I expect that we will have more than one grammar, even when we will have a
final version of the language abstract syntax.
Indeed, consider for instance the grammar as it is now and look at the
example you give
    UNIT-SPEC ::= SPEC-NAME | UNIT-TYPE
that is, I suppose, one of the cases described by Andrzej as
>One is a true inclusion, were not semantic coercion is required, and the
>meaning of a phrase in a subclass is exactly the same as the meaning
>of this phrase in a superclass.

This classification is useful, because it helps the presentation of the
language to a human user, and it is harmful, because it introduces a
distinction, and hence a complication, useless from a programming point of
view.
(Actually imho I think that Andrzej's comments about the "distinction" lead
to have a simplified grammar for the description of the semantics.

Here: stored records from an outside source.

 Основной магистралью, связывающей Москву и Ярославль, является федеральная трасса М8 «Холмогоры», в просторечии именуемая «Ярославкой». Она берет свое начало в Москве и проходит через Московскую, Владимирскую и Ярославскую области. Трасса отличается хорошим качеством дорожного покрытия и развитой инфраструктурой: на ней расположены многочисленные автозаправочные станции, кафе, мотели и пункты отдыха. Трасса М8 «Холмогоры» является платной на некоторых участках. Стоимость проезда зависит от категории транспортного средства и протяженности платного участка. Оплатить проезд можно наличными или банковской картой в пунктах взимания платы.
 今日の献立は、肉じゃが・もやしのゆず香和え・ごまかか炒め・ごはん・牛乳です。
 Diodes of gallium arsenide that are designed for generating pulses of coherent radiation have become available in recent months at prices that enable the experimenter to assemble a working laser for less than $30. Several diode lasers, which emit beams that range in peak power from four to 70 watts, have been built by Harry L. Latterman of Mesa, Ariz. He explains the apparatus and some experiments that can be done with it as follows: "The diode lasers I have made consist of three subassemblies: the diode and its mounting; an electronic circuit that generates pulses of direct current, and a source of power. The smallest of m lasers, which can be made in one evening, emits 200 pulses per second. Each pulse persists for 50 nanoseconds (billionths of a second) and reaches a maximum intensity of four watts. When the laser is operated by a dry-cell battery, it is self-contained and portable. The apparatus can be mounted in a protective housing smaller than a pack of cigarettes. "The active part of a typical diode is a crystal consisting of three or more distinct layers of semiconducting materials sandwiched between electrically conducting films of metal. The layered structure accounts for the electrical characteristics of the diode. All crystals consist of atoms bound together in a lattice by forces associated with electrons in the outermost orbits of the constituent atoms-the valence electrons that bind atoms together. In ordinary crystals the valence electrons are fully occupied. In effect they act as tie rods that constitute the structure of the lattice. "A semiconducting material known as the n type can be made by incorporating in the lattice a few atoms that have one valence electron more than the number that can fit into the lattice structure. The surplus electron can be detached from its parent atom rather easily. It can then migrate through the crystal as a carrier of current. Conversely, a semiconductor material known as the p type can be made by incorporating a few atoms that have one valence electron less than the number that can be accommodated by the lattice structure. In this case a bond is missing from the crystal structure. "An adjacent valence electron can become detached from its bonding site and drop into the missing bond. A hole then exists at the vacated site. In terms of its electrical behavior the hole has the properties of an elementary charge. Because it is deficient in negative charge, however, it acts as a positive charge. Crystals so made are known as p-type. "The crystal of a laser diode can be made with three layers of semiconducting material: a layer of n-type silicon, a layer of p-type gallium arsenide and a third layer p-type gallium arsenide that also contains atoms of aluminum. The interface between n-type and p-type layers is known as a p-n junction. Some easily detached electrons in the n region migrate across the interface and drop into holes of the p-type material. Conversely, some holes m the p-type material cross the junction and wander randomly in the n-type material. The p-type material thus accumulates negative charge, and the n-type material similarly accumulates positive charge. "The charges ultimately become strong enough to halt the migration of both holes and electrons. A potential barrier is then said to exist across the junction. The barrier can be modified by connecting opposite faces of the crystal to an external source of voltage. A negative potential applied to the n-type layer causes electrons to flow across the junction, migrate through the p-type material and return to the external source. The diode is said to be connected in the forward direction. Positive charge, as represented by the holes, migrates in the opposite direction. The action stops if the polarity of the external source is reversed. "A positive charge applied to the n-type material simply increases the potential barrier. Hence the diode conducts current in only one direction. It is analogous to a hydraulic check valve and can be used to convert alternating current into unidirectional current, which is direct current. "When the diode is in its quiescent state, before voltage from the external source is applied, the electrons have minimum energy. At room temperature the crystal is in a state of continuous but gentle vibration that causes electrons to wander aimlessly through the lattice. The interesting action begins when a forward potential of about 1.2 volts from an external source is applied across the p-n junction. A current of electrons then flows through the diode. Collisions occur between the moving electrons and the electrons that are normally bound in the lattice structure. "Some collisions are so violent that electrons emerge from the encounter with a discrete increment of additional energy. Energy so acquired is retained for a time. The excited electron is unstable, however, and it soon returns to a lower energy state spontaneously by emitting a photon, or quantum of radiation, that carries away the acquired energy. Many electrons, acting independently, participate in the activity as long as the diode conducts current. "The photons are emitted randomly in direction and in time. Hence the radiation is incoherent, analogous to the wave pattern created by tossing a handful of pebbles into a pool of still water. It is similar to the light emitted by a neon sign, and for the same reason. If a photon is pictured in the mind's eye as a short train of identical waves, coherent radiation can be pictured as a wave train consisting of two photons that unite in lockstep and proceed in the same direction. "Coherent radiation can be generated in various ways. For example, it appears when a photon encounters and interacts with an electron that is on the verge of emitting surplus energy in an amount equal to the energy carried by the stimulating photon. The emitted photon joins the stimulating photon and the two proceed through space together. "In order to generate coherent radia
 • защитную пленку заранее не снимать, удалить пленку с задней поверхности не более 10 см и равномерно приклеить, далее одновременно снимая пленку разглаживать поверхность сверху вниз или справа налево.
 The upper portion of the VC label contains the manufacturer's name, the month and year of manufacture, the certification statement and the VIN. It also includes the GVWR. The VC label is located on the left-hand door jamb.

Unfortunately, the definition of the semantics is affecting the language
design and obviously we cannot give the semantics if we don't fix the
language, so we are looping. But I expect that the final version of the
semantics will be presented on a simplified grammar.)

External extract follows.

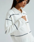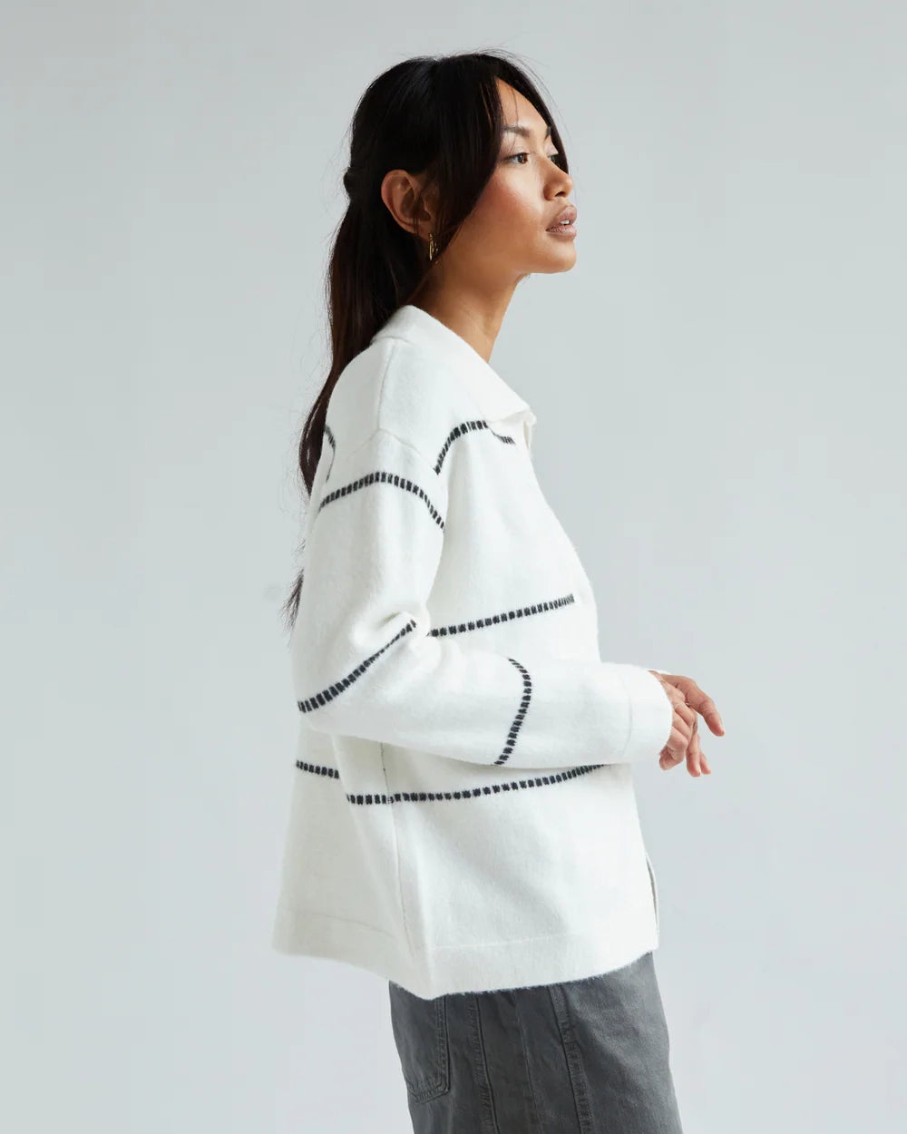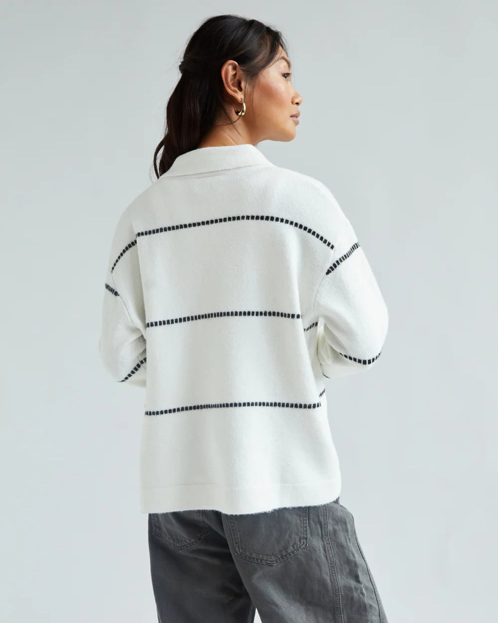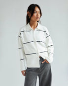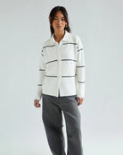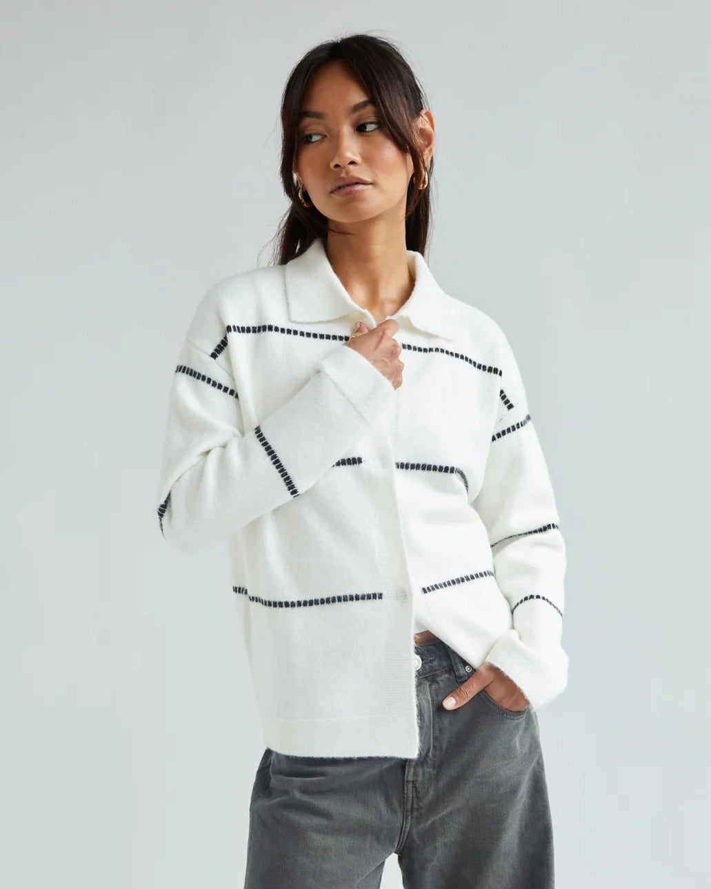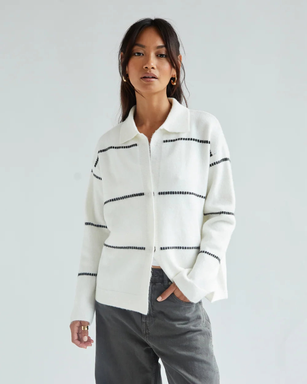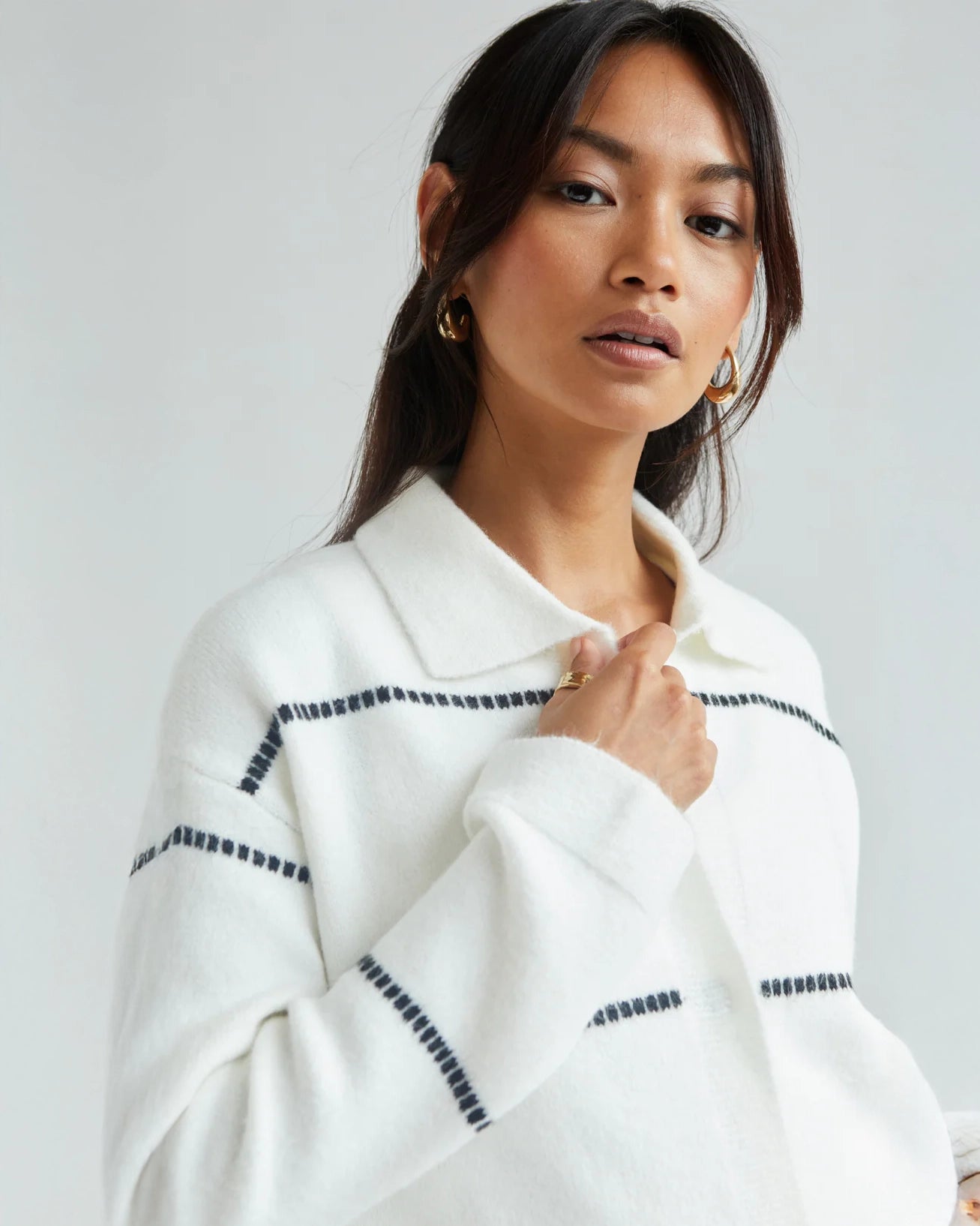 Clara is our new centre front cardigan with polo collar. Relaxed fit and contrast stripe detail give this modern essential a fashion forward edge. Wear open with a vest or tee as an easy cover up for a polished off duty outfit. Invisible metallic snap closures for a clean look

The same happens, for instance, in the productions for BASIC-ITEM.
Why should we distinguish among SIG-DECL and VAR-DECL, AXIOM...? Why not to
group all the declarations and all the property requirements and have
BASIC-ITEM::=DECL | PROPERTY
DECL::=SORT-DECL |...|VAR-DECL
PROPERTY::= AXIOM | SORT-GEN
or no distinction at all, all kinds of basic-items flattened at one level?
I suppose that the "best" classifying depends on the use we want to make of
the grammar.
For this reason I would like to reach a firm definition of CASL AS (in the
sense of the language described) and only at that point propose alternative
grammars for different aims.
I hope that the implementors wont start working now, before we have a fixed
language, so the issue of the best grammar to present the interchange
format may wait a bit.

>Distinction between FUN and PRED
......
>
>OK, that's it, and it is *a lot* in the concrete syntax. Context-free
>parsers will have to restructure/copy the whole tree for formulae/terms
>during context analysis (more reason for flattening :-)
Isn't it possible to have in the concrete grammar one non-terminal for both
function and predicates (or better for their names and concrete
applications) and use it in both cases? Maybe this is a stupid idea,
suggested by my lack of familiarity with language design, but I don't see
the need for a 1-1 correspondance between AS and CS.